• TASK INSTRUCTIONS
Transcribe word for word the lines below from the line with "[OSEN=잠실, 최규한 기자]" through the line with "Икона на деревянном", ends included.

MATERIAL SHOWN Start Marker

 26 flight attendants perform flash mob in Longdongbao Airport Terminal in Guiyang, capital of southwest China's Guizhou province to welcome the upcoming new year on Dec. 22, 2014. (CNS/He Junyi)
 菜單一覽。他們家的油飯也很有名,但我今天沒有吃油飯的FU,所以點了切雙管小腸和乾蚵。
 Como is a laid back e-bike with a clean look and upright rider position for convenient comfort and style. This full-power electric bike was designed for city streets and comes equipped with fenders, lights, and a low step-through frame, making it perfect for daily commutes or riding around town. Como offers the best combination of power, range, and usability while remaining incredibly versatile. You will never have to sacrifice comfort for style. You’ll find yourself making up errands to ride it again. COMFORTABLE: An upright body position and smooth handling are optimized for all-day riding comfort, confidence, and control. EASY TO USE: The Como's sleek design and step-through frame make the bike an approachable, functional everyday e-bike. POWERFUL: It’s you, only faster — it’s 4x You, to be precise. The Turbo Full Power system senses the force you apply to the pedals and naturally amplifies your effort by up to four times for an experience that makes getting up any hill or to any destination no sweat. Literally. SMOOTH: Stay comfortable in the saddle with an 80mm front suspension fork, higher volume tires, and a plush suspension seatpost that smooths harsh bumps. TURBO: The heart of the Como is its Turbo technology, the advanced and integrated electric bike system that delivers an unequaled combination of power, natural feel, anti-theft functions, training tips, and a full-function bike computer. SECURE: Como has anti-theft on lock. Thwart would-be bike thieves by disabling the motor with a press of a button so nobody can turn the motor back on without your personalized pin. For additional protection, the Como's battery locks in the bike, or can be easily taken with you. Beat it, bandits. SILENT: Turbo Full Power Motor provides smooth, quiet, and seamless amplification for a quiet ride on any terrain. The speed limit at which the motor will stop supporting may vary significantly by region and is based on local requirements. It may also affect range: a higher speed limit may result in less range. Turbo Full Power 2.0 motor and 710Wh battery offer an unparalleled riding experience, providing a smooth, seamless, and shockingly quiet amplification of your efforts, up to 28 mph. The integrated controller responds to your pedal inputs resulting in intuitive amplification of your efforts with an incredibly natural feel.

MATERIAL SHOWN End Marker
MATERIAL SHOWN Start Marker

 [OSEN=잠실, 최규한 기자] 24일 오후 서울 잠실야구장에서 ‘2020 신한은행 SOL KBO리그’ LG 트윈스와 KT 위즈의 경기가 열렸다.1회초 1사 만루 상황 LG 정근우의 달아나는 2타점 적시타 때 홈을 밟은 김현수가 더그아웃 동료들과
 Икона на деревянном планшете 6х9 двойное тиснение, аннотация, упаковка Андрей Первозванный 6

MATERIAL SHOWN End Marker
MATERIAL SHOWN Start Marker

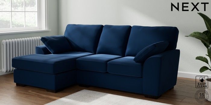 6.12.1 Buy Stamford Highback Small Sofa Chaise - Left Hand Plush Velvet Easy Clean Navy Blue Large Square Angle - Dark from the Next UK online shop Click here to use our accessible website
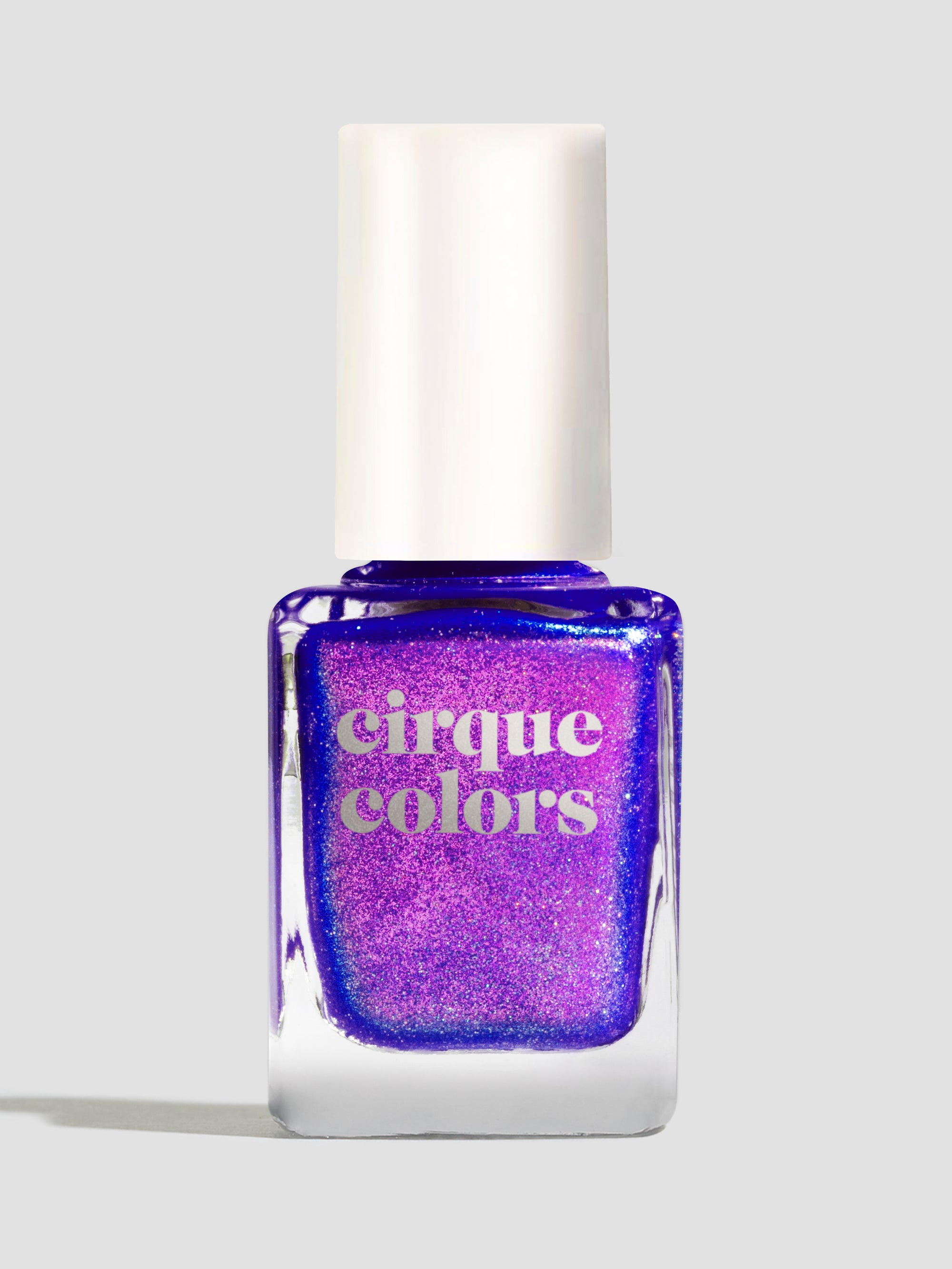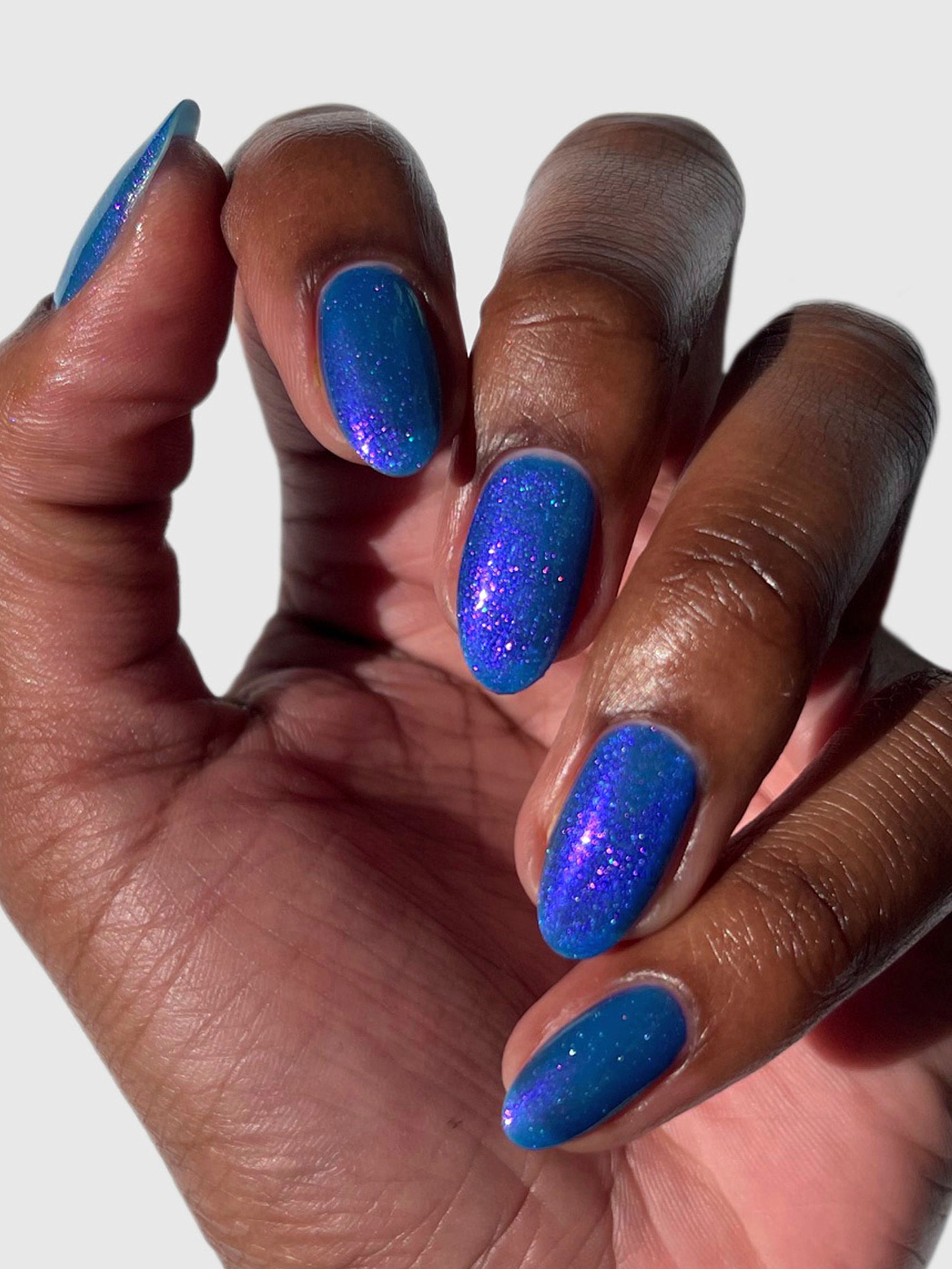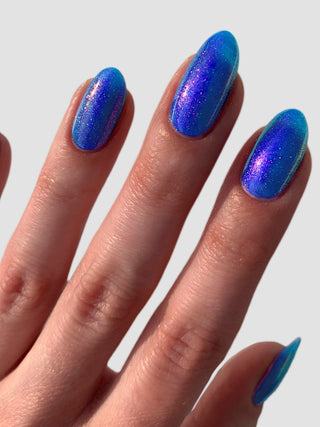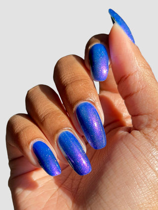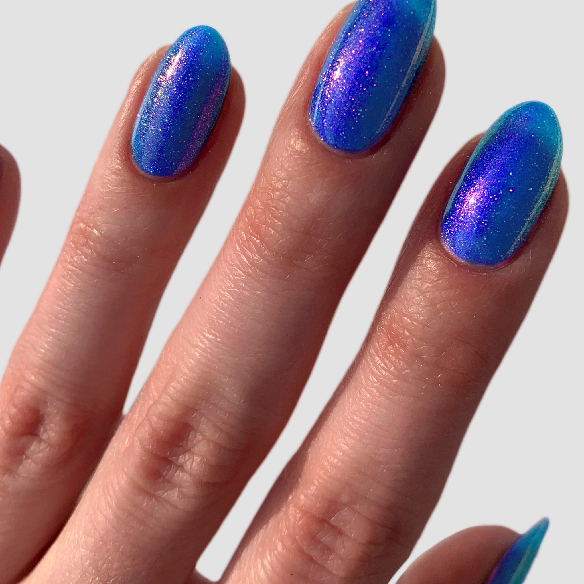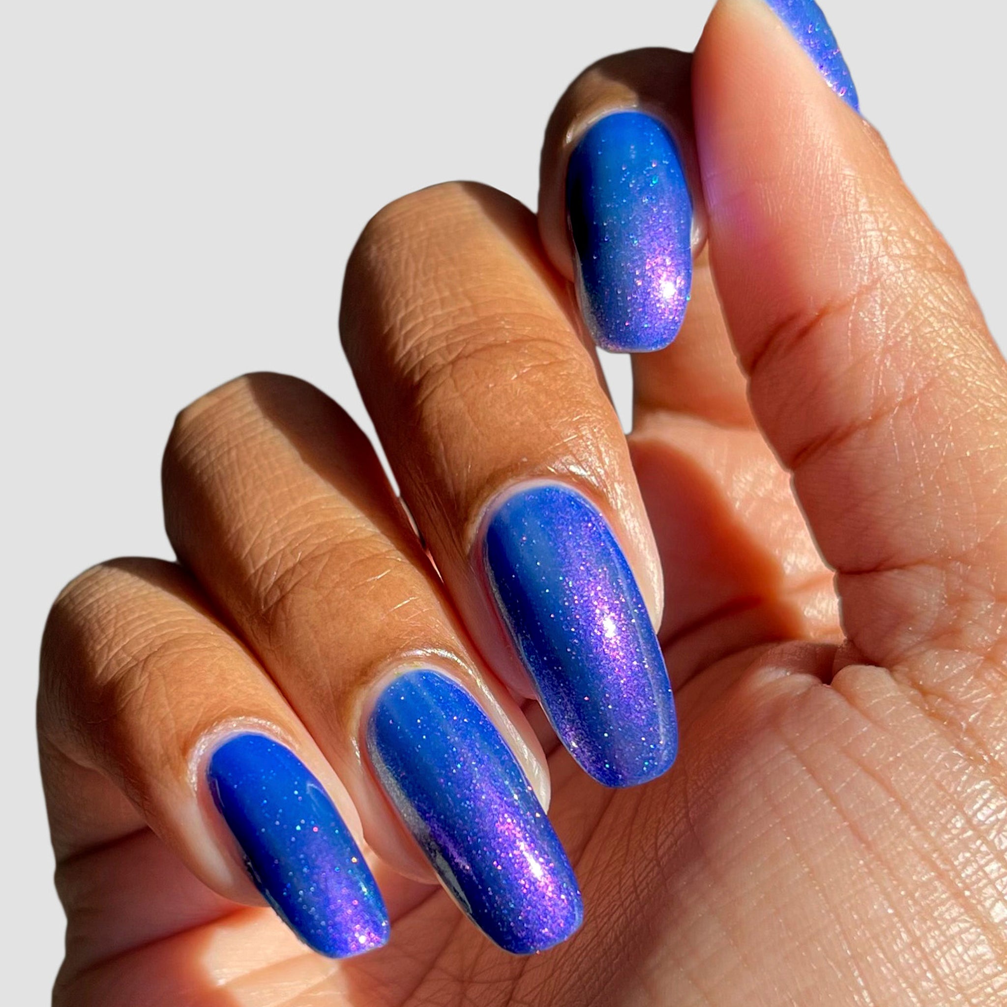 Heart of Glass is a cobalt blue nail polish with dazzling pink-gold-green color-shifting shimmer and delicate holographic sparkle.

MATERIAL SHOWN End Marker

• FINISHED EXERCISE
 [OSEN=잠실, 최규한 기자] 24일 오후 서울 잠실야구장에서 ‘2020 신한은행 SOL KBO리그’ LG 트윈스와 KT 위즈의 경기가 열렸다.1회초 1사 만루 상황 LG 정근우의 달아나는 2타점 적시타 때 홈을 밟은 김현수가 더그아웃 동료들과
 Икона на деревянном планшете 6х9 двойное тиснение, аннотация, упаковка Андрей Первозванный 6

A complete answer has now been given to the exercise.